PROBLEM TO WORK ON: Omit the images and retype the records verbatim.

DATA PROVIDED:
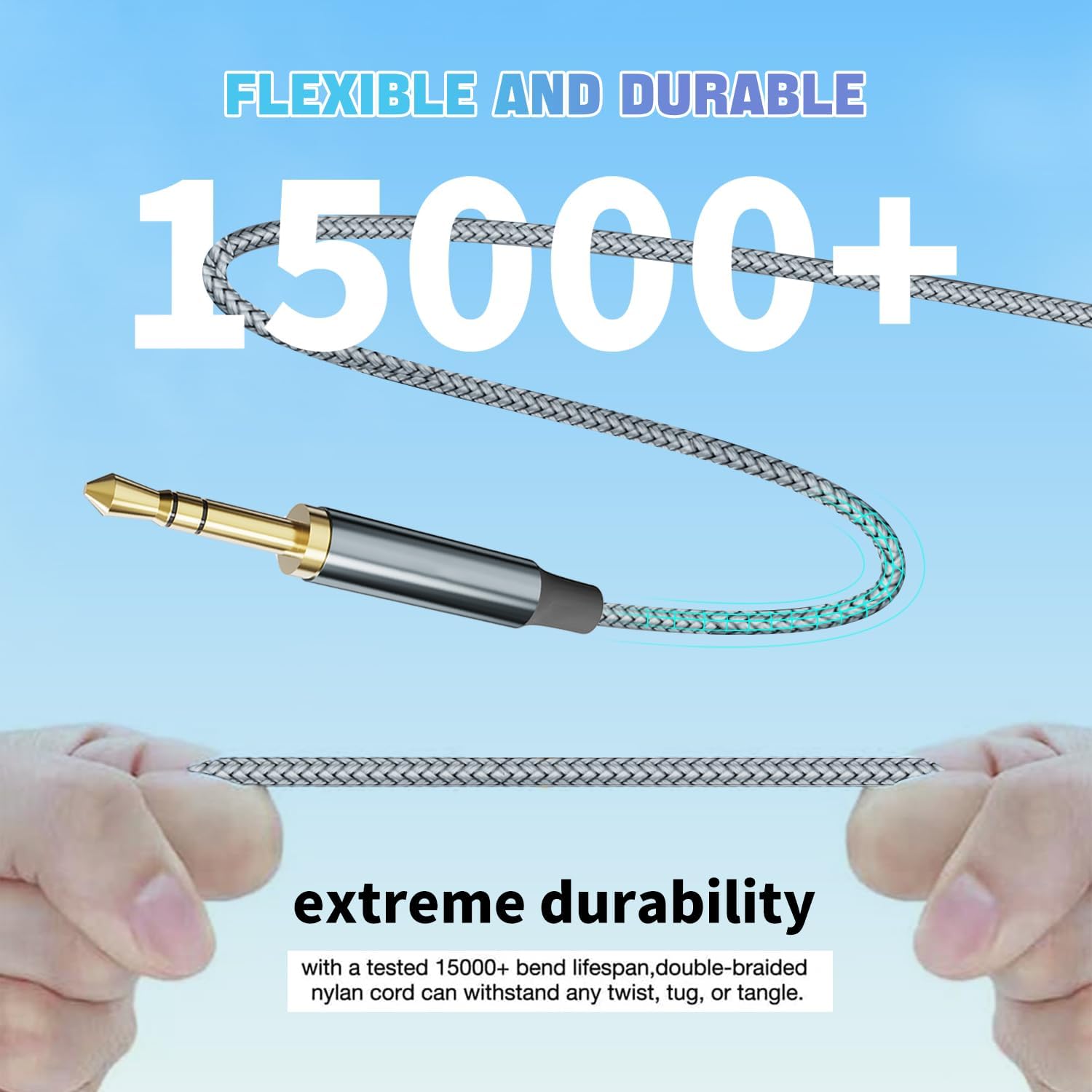 【Nylon Braided Cable 24K Gold-plated Connectors Robust Aluminum Shells Improved Durability】Our 3.5mm aux cable with polished gold-plated connectors ensure reliability and eliminate signal loss and noise possible,provide stable & undelayed audio transmission.Ultra durable and tangle-free with an 15000+ ultra-durable bend lifespan nylon braided cable aux audio jack cable.3.5mm audio cable’s aluminum housing is corrosion and oxidation resistance.
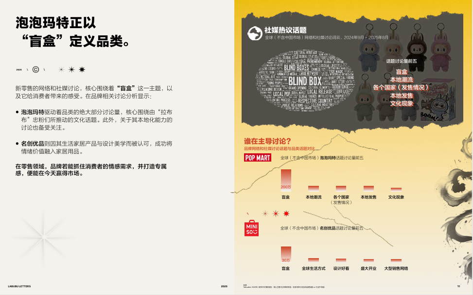 最大的转变在于品牌建设思维:品牌不再仅是内部决策的产物,而是始于一个真实内核,并有意识地开放给社群与文化共同叙事。泡泡玛特和名创优品的增长,始于早期对粉丝社群的培育。在社媒时代,社群应是营销的起点和核心,而非补充。
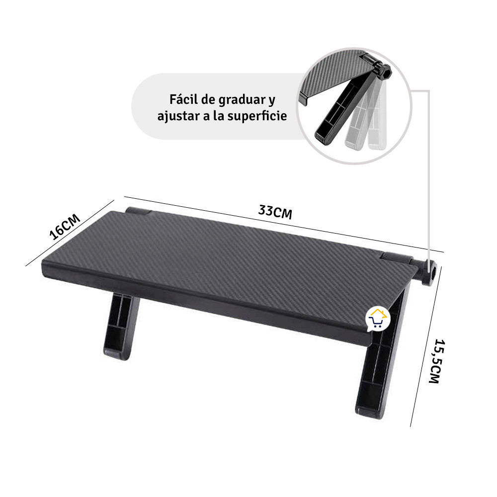 - Se adapta a todos los computadores, televisores o superficies, gracias a que las patas se pueden ajustar libremente.
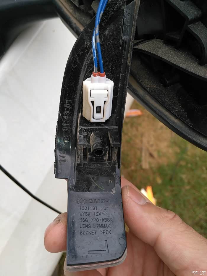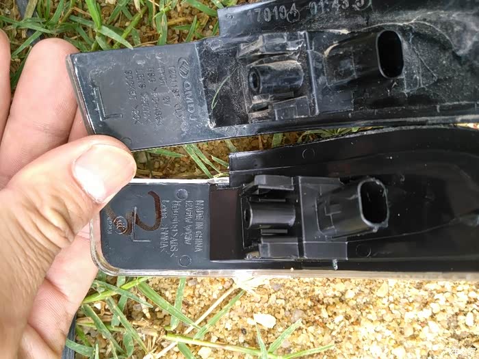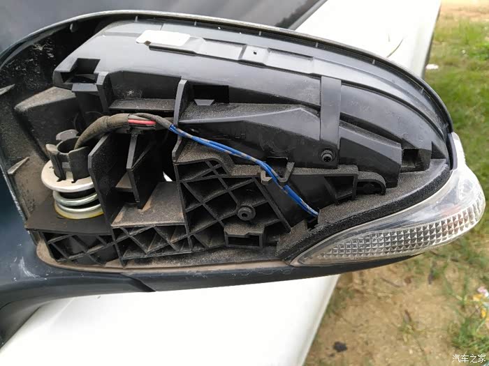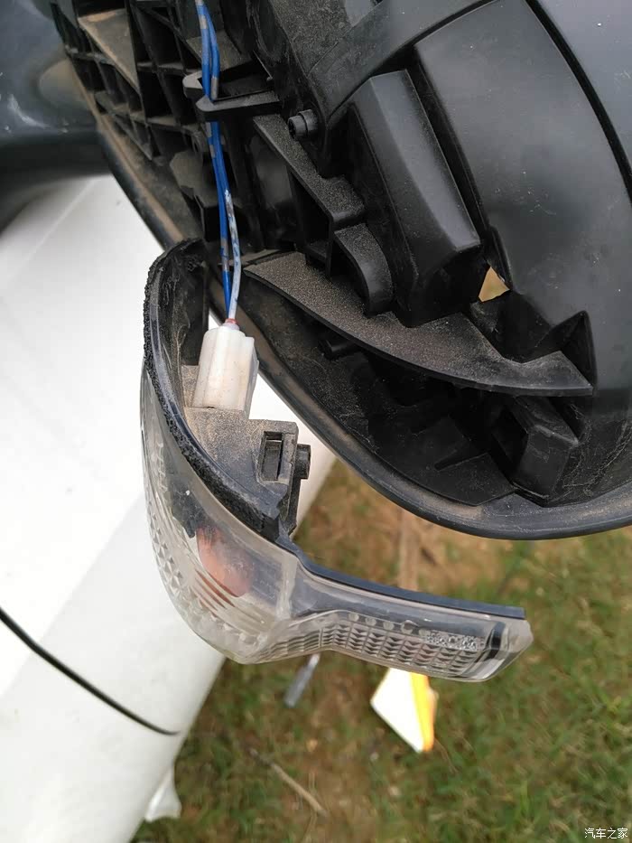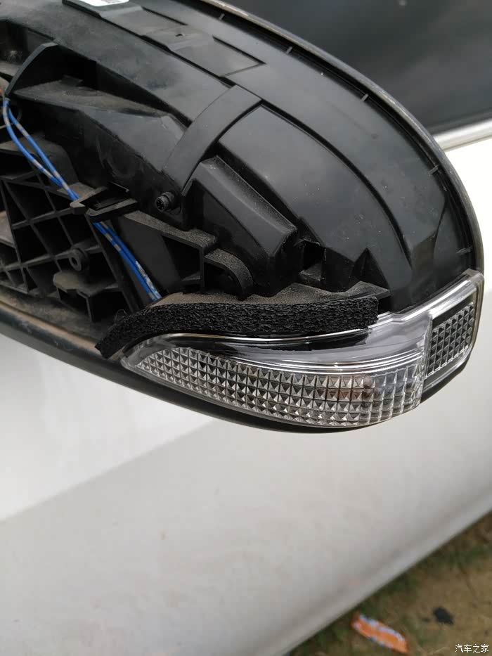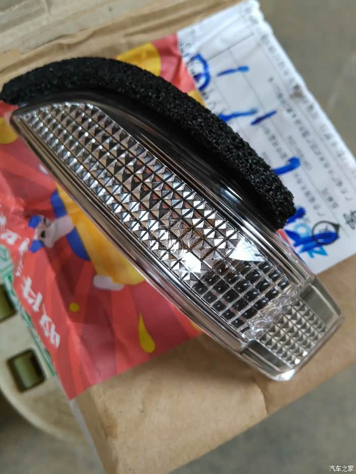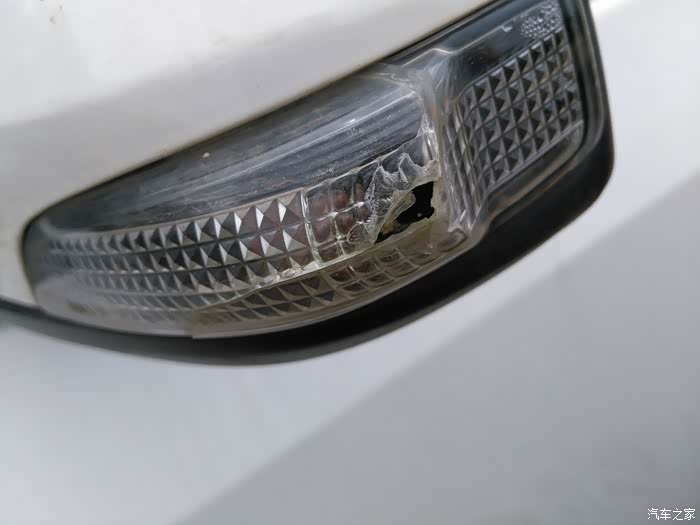 在一次入库不小心刮到后视镜,呯的一声以为整个报废了,下车一看还好没大碍,只不过转向灯罩刮破了,去保养4s说换一个要八九十,没换,后来一直忽略,下雨进水,不过还能用,闲着没事,去某宝淘了一个,17块的山寨版
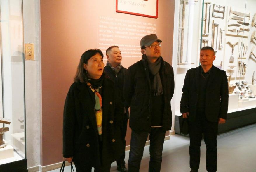 会谈前,任建新一行先后参观学校民艺博物馆和手工实验室。
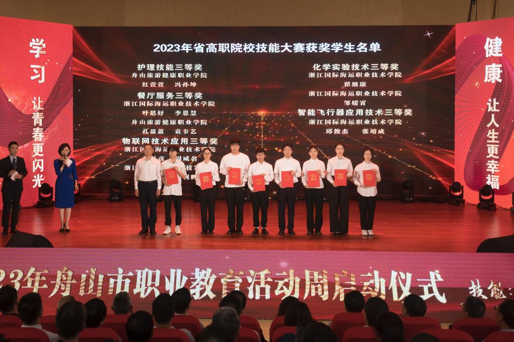 2023年5月16日上午,2023年舟山市职业教育活动周启动仪式在我校隆重举行。今年的主题仍是“技能:让生活更美好”。副市长洪碧出席会议并讲话,市政府副秘书长厉仁军,市教育局党委书记、局长陈海波,浙江国际海运职业技术学院党委书记苏为泽,我校党委书记姚奇富等领导出席仪式,校长郑能波致欢迎辞。市职业教育工作联席会议成员单位分管领导、相关处室负责人,县(区)教育局分管领导、业务处室负责人,舟山开放大学、全市各职业院校负责人,部分初高中学校负责人,部分行业企业、教师、学生代表共450多人参加仪式。

RESPONSE:
 【Nylon Braided Cable 24K Gold-plated Connectors Robust Aluminum Shells Improved Durability】Our 3.5mm aux cable with polished gold-plated connectors ensure reliability and eliminate signal loss and noise possible,provide stable & undelayed audio transmission.Ultra durable and tangle-free with an 15000+ ultra-durable bend lifespan nylon braided cable aux audio jack cable.3.5mm audio cable’s aluminum housing is corrosion and oxidation resistance.
 最大的转变在于品牌建设思维:品牌不再仅是内部决策的产物,而是始于一个真实内核,并有意识地开放给社群与文化共同叙事。泡泡玛特和名创优品的增长,始于早期对粉丝社群的培育。在社媒时代,社群应是营销的起点和核心,而非补充。
 - Se adapta a todos los computadores, televisores o superficies, gracias a que las patas se pueden ajustar libremente.
 在一次入库不小心刮到后视镜,呯的一声以为整个报废了,下车一看还好没大碍,只不过转向灯罩刮破了,去保养4s说换一个要八九十,没换,后来一直忽略,下雨进水,不过还能用,闲着没事,去某宝淘了一个,17块的山寨版
 会谈前,任建新一行先后参观学校民艺博物馆和手工实验室。
 2023年5月16日上午,2023年舟山市职业教育活动周启动仪式在我校隆重举行。今年的主题仍是“技能:让生活更美好”。副市长洪碧出席会议并讲话,市政府副秘书长厉仁军,市教育局党委书记、局长陈海波,浙江国际海运职业技术学院党委书记苏为泽,我校党委书记姚奇富等领导出席仪式,校长郑能波致欢迎辞。市职业教育工作联席会议成员单位分管领导、相关处室负责人,县(区)教育局分管领导、业务处室负责人,舟山开放大学、全市各职业院校负责人,部分初高中学校负责人,部分行业企业、教师、学生代表共450多人参加仪式。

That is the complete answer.